Word for word, the data below must be repeated in full; no picture is to be included.

##### Recorded data

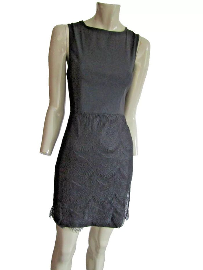 robe chic bi matière haut tissu extensible bas dentelle doublée marque fruscio pas de taille indiquée mais convient a une taille 34/36 mais bien confirmer avec les mesures prises en cms et a plat aisselles 40 (très extensible mesures prises sans tirer se ferme par un zip au dos) taille 33 longueur 89 envoi rapide = 1 jour maxi après l'achat achats multiples = frais de port réduits
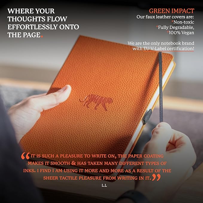 - SUSTAINABLY SOURCED, ENVIRONMENTALLY CONSCIOUS: Made from recyclable materials and FSC certified paper, our notebooks are Vegan Certified. Dingbats* Notebooks Ltd donates 2% of UK sales to WWF-UK, supporting environmental conservation.
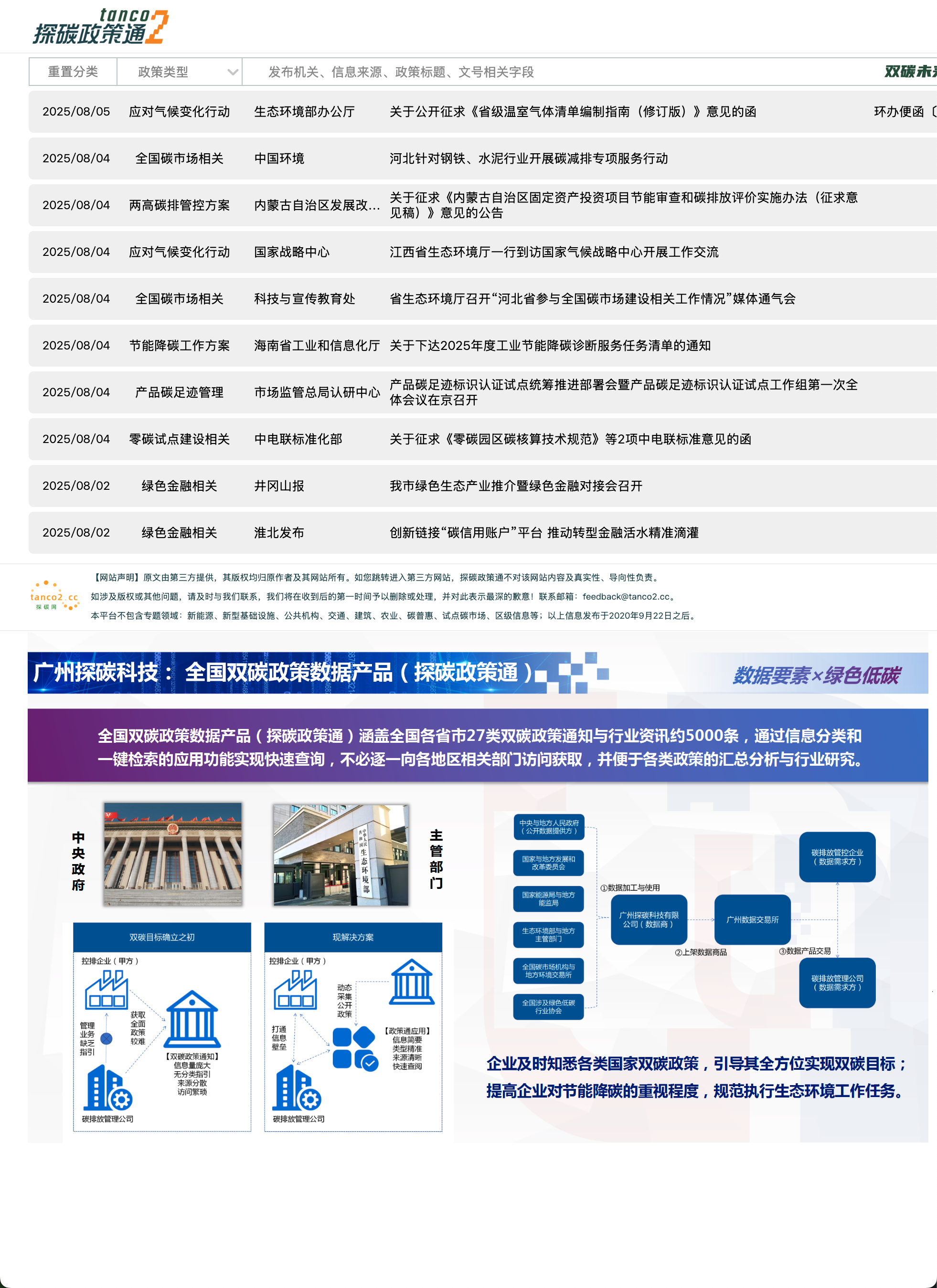 探碳公司旗下一款双碳领域政策通知的查询应用,使用者可根据自身需求对数据进行分类或检索,从而筛选出对应的政策通知并访问。

##########

**Response to the task**.
 robe chic bi matière haut tissu extensible bas dentelle doublée marque fruscio pas de taille indiquée mais convient a une taille 34/36 mais bien confirmer avec les mesures prises en cms et a plat aisselles 40 (très extensible mesures prises sans tirer se ferme par un zip au dos) taille 33 longueur 89 envoi rapide = 1 jour maxi après l'achat achats multiples = frais de port réduits
 - SUSTAINABLY SOURCED, ENVIRONMENTALLY CONSCIOUS: Made from recyclable materials and FSC certified paper, our notebooks are Vegan Certified. Dingbats* Notebooks Ltd donates 2% of UK sales to WWF-UK, supporting environmental conservation.
 探碳公司旗下一款双碳领域政策通知的查询应用,使用者可根据自身需求对数据进行分类或检索,从而筛选出对应的政策通知并访问。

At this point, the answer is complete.